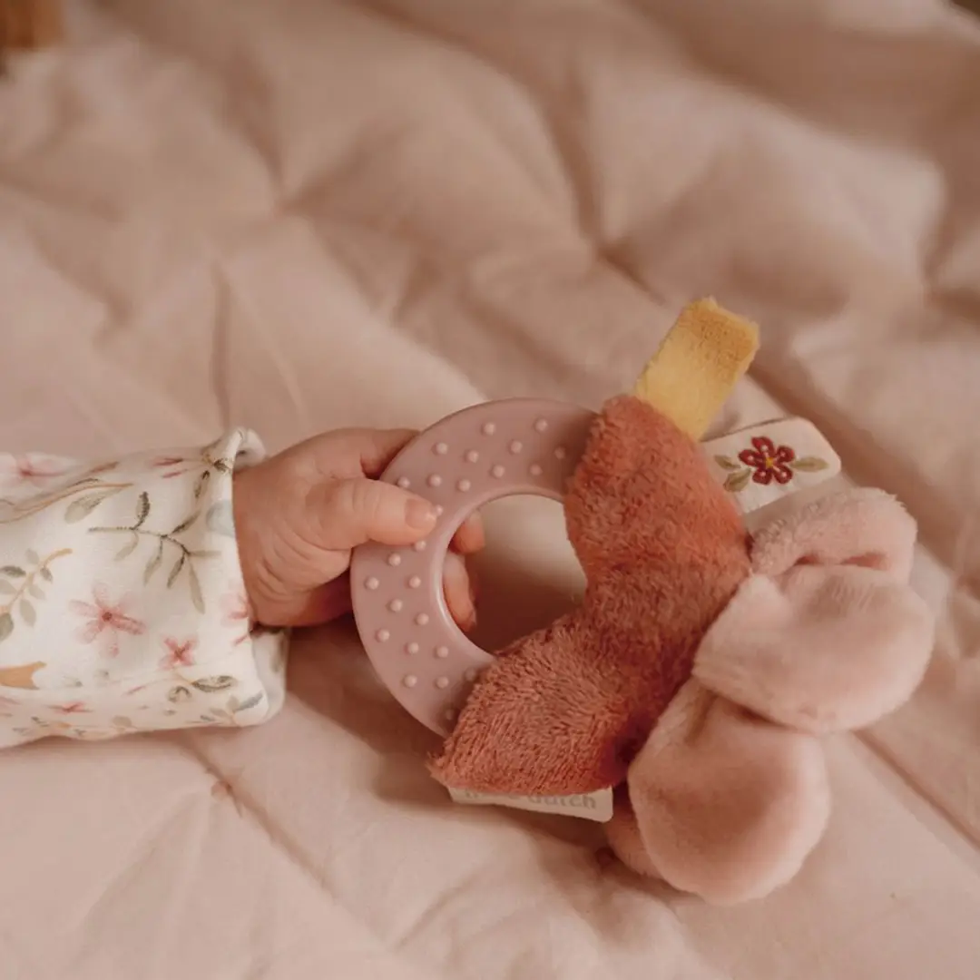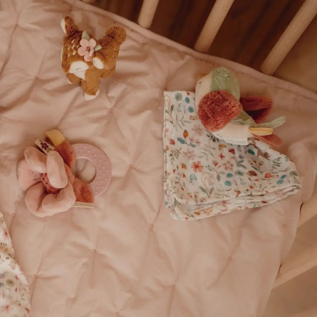 Esta cajita es perfecta como regalo de nacimiento o de baby shower. Contiene un doudou maravilloso para acurrucarse, un ciervo de peluche muy abrazable y un juguete para la dentición con una linda flor. Un regalo ideal que, además de ser precioso, estimulará los sentidos y favorecerá la coordinación mano-ojo del bebé.
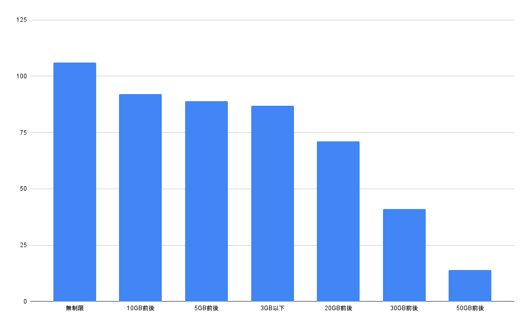 理想のデータ容量として「無制限」と「10GB前後」が上位を占め、多くのユーザーが10GB以上を求めています。
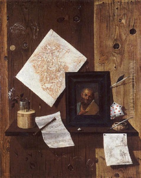 Nature Morte De Trompe-l'oeil Aux Dessins, Tableaux Et Cartes A Jouer Sur Un Panneau
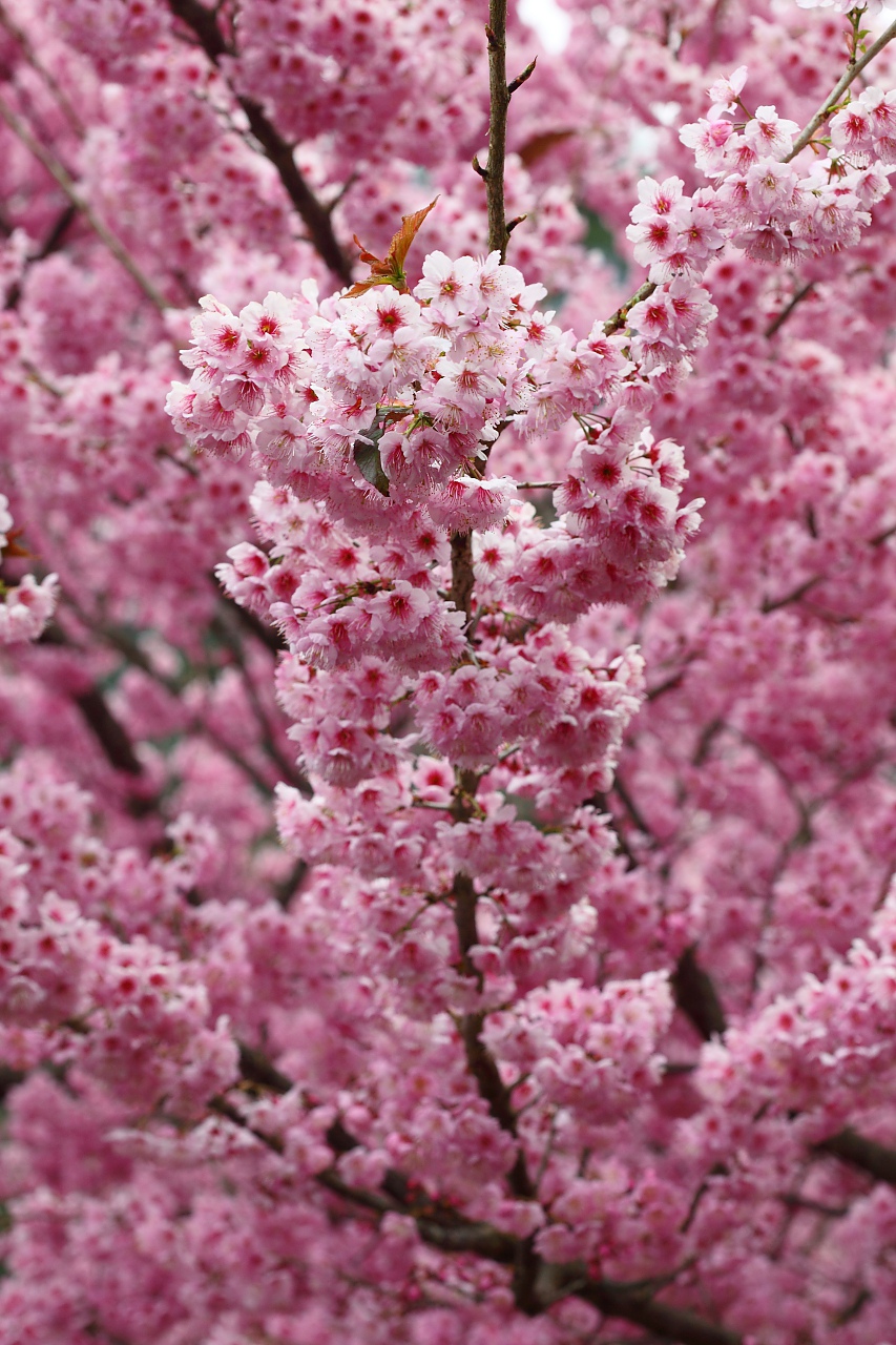 這櫻花叫紅粉佳人,是台灣山櫻花(緋寒櫻)和昭和櫻兩種櫻花台日混血下的品種,
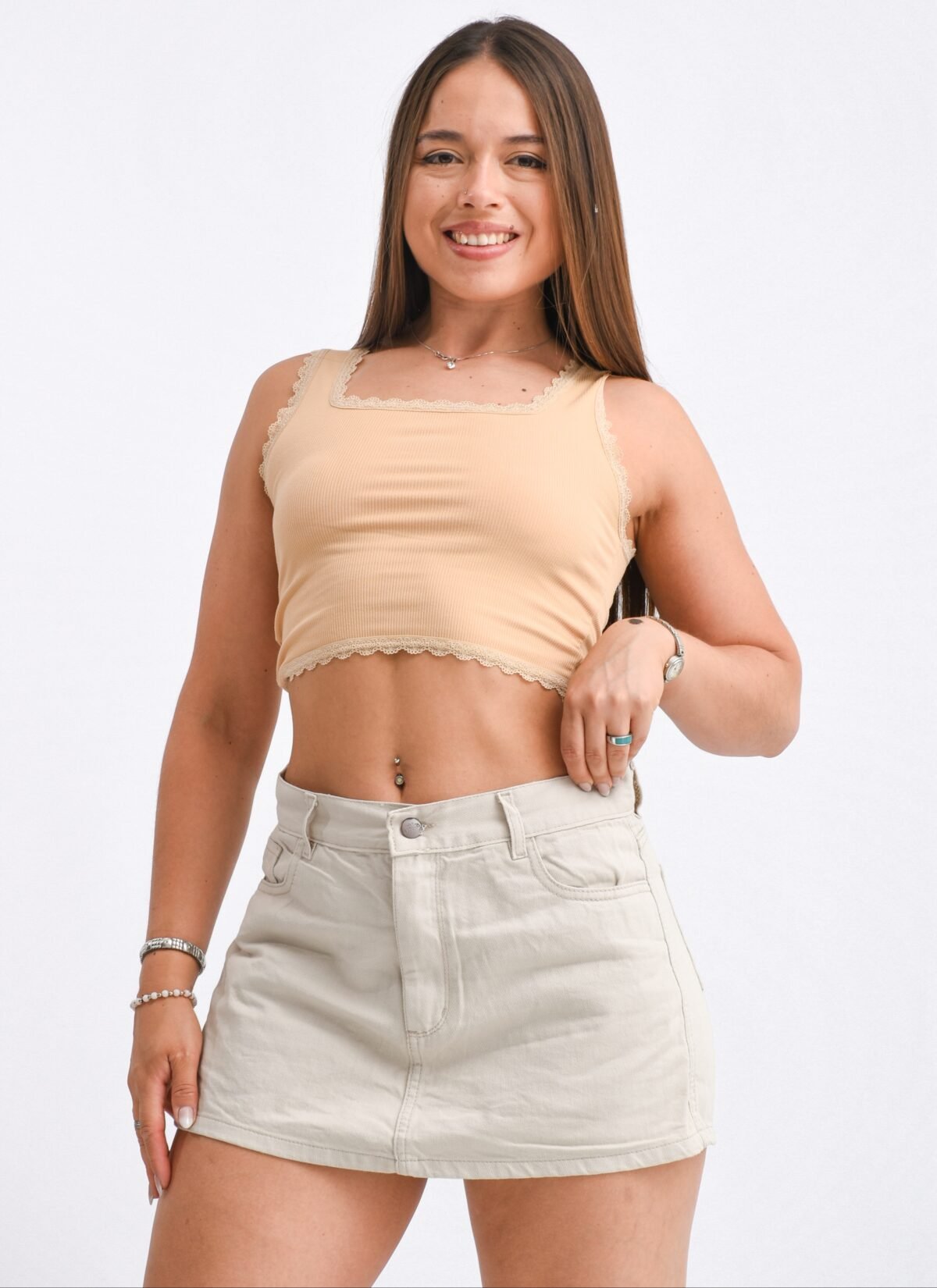 Corte: Mini short, con la capa exterior simulando una mini falda en el frente. | Tiro: Medio/Alto.
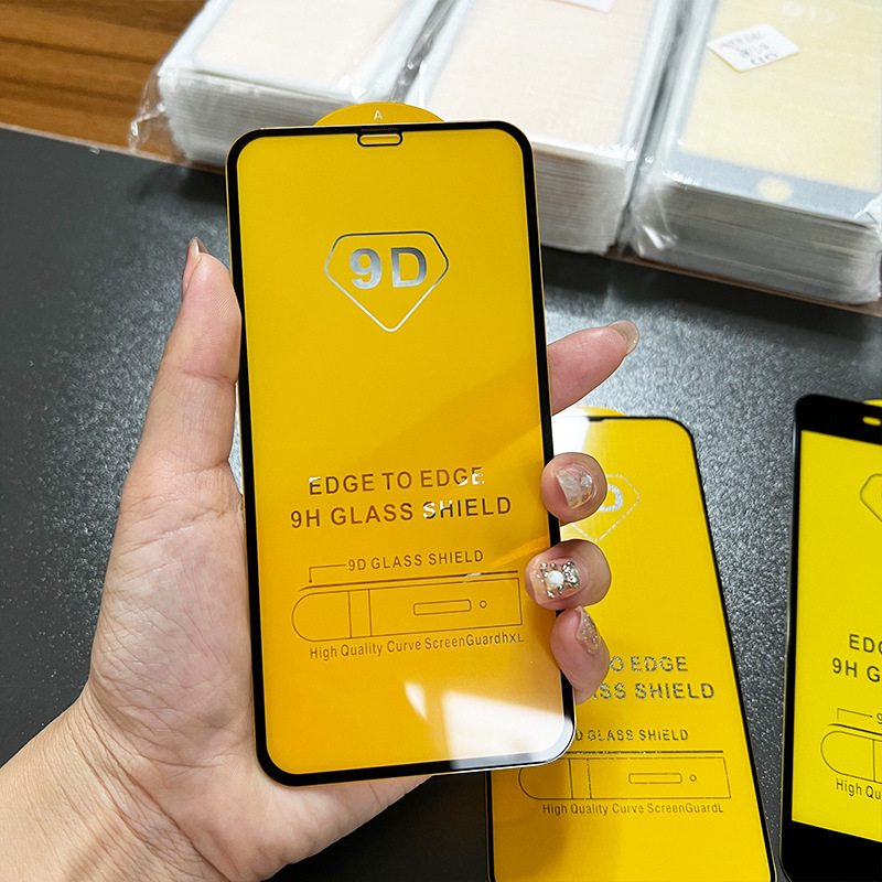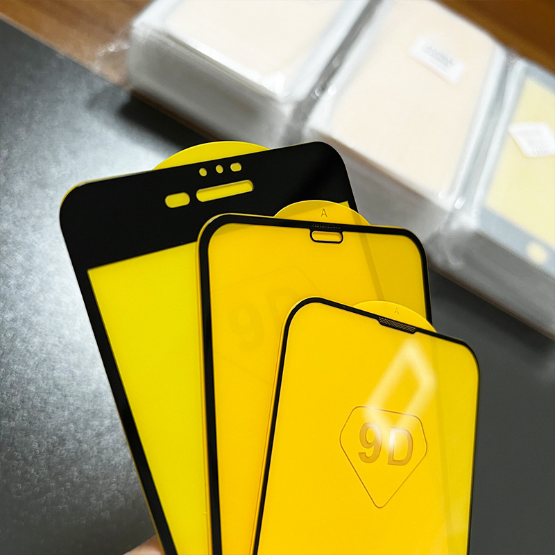 Película templada fuerte de serigrafía 9D negro [pedido mínimo de 25 múltiplos de un solo modelo]
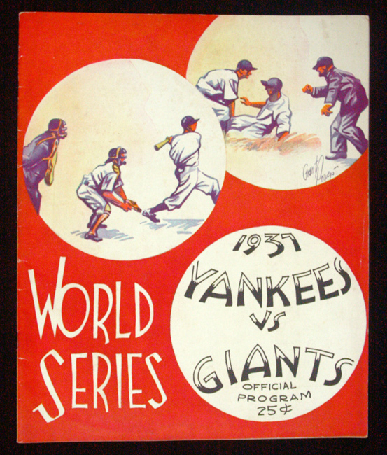 Description:1937 World Series Game 1 program, New York Giants at New York Yankees (EX). Original program from Game 1 of the 1937 World Series played at Yankee Stadium in which the Yankees defeated the Giants 8-1 behind a complete game from Lefty Gomez. Tony Lazzeri hit a HR for the Yankees. Exhibits light overall age and handling wear, and is scored in pencil: EX
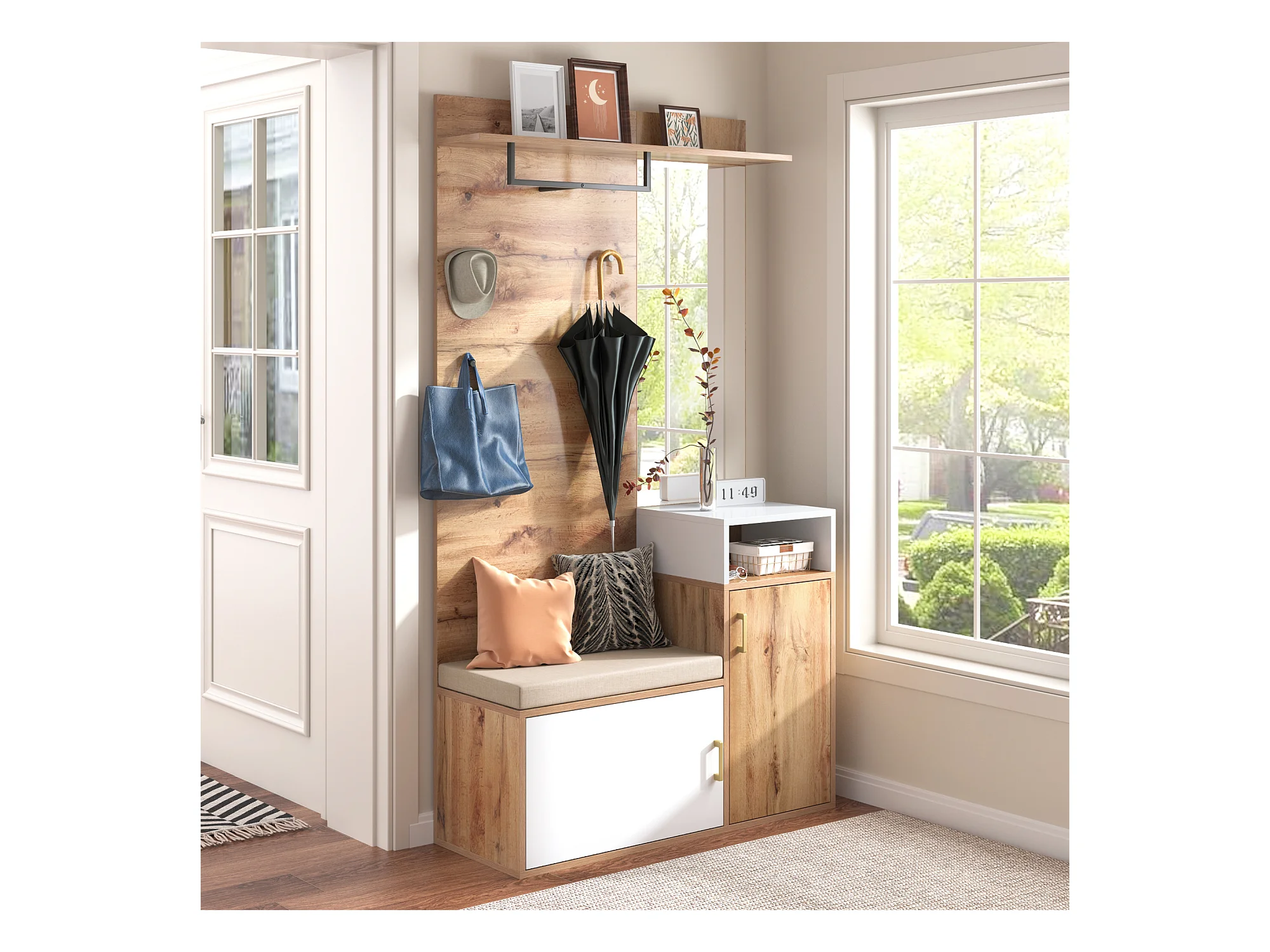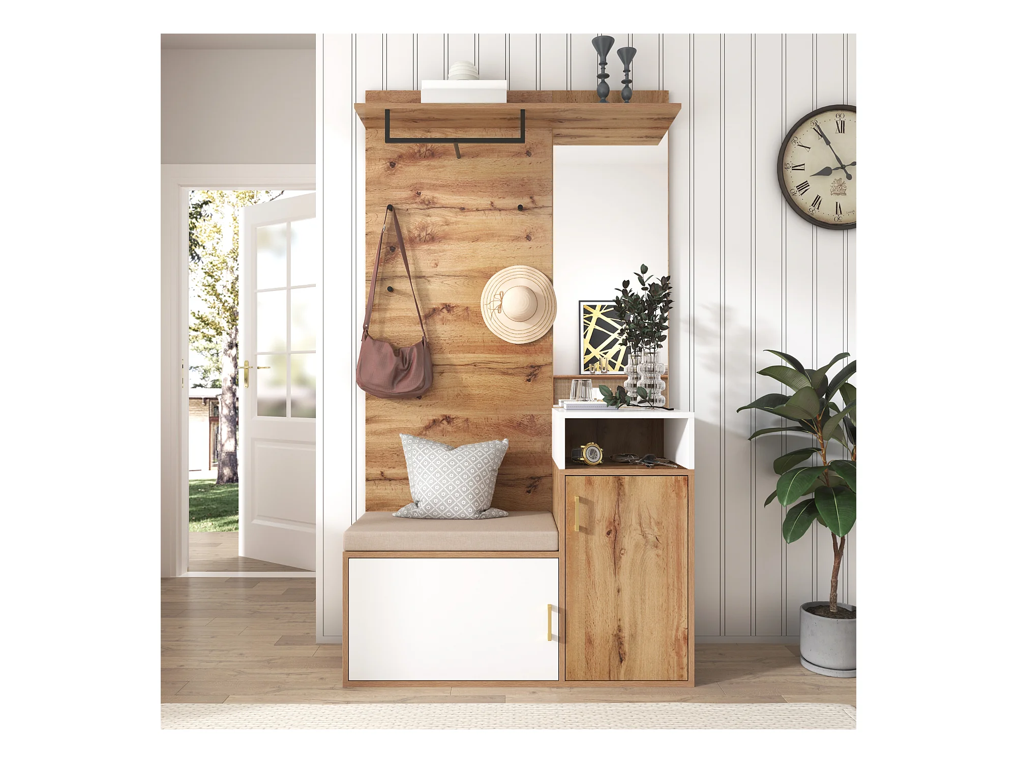 Ensemble de vestiaire avec miroir, banc et rangement à chaussures, design scandinave, MDF et panneau de particules, (105x40x190.5 cm)
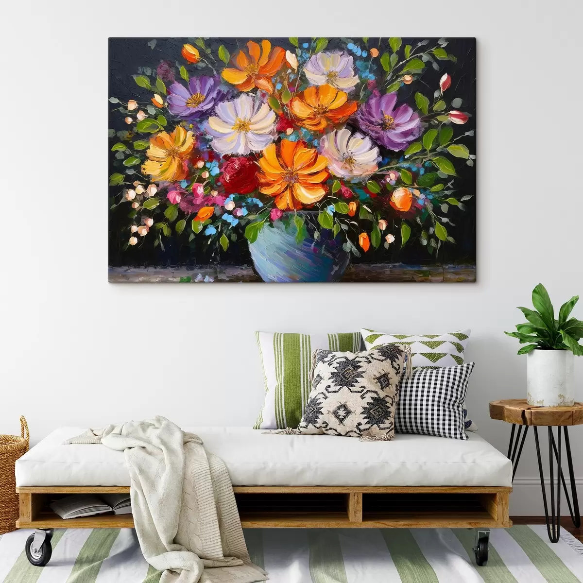 Schilderij Schilderij van bloemen in een blauwe vaas Art. s38658
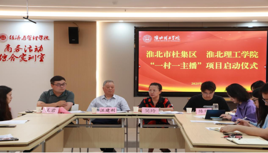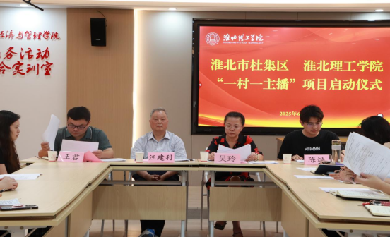 2025年6月4日18时,bat365在线中国官网登录入口与杜集区校地合作共育的“一村一主播”项目启动仪式在学校综合实验楼407室成功举办。杜集区委组织部代表王君、bat365在线中国官网登录入口副校长汪建利、学校特聘讲师陈烨以及四个村承接团队的全体师生共聚一堂,启动仪式由经管学院院长吴玲主持。
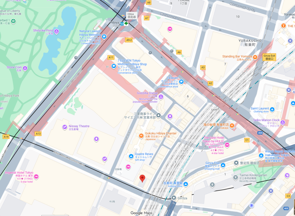 Subway Chiyoda Line: Hibiya Station, Exit A11.
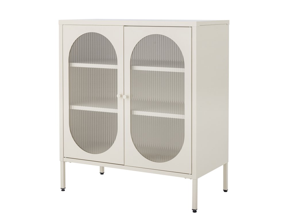 Skříňka Salvo od Bloomingville je krásná kovová skříňka v jemné pískové barvě, která dodá eleganci každé místnosti. Dvojí dvířka skříňky se vyznačují dekorativními detaily z žebrovaného skla. Díky praktickým poličkám je tato skříňka ideální jak pro ukládání, tak pro vystavení věcí a perfektně se přehozí do obývacího pokoje, jídelny nebo vstupní haly.Doplňkové parametry
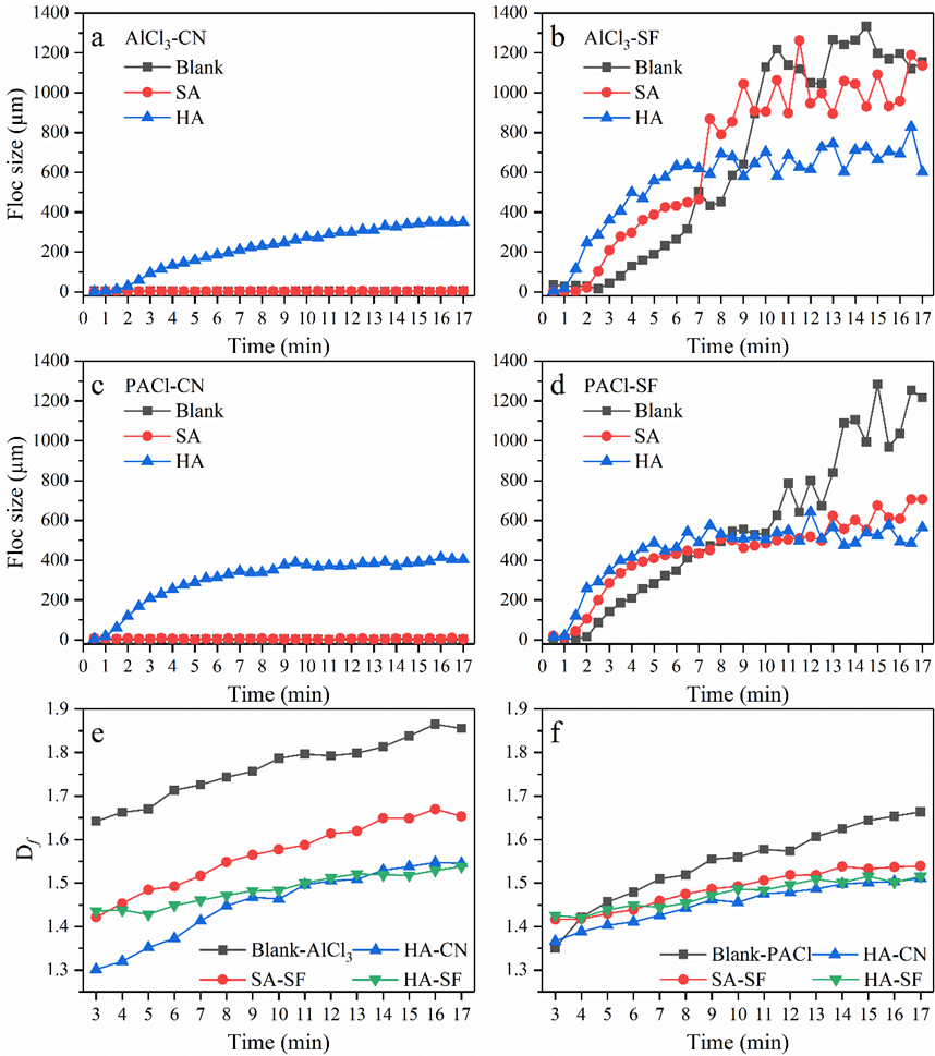 AlCl3(e)和PACl(f)混凝过程中絮体的分形维数变化

-- EXERCISE --
What is wanted is an exact copy of the lines from the line with "2025年6月4日18时,b" through the end of the records, both ends included, pictures excluded.

-- ANSWER TO THE PROBLEM --
 2025年6月4日18时,bat365在线中国官网登录入口与杜集区校地合作共育的“一村一主播”项目启动仪式在学校综合实验楼407室成功举办。杜集区委组织部代表王君、bat365在线中国官网登录入口副校长汪建利、学校特聘讲师陈烨以及四个村承接团队的全体师生共聚一堂,启动仪式由经管学院院长吴玲主持。
 Subway Chiyoda Line: Hibiya Station, Exit A11.
 Skříňka Salvo od Bloomingville je krásná kovová skříňka v jemné pískové barvě, která dodá eleganci každé místnosti. Dvojí dvířka skříňky se vyznačují dekorativními detaily z žebrovaného skla. Díky praktickým poličkám je tato skříňka ideální jak pro ukládání, tak pro vystavení věcí a perfektně se přehozí do obývacího pokoje, jídelny nebo vstupní haly.Doplňkové parametry
 AlCl3(e)和PACl(f)混凝过程中絮体的分形维数变化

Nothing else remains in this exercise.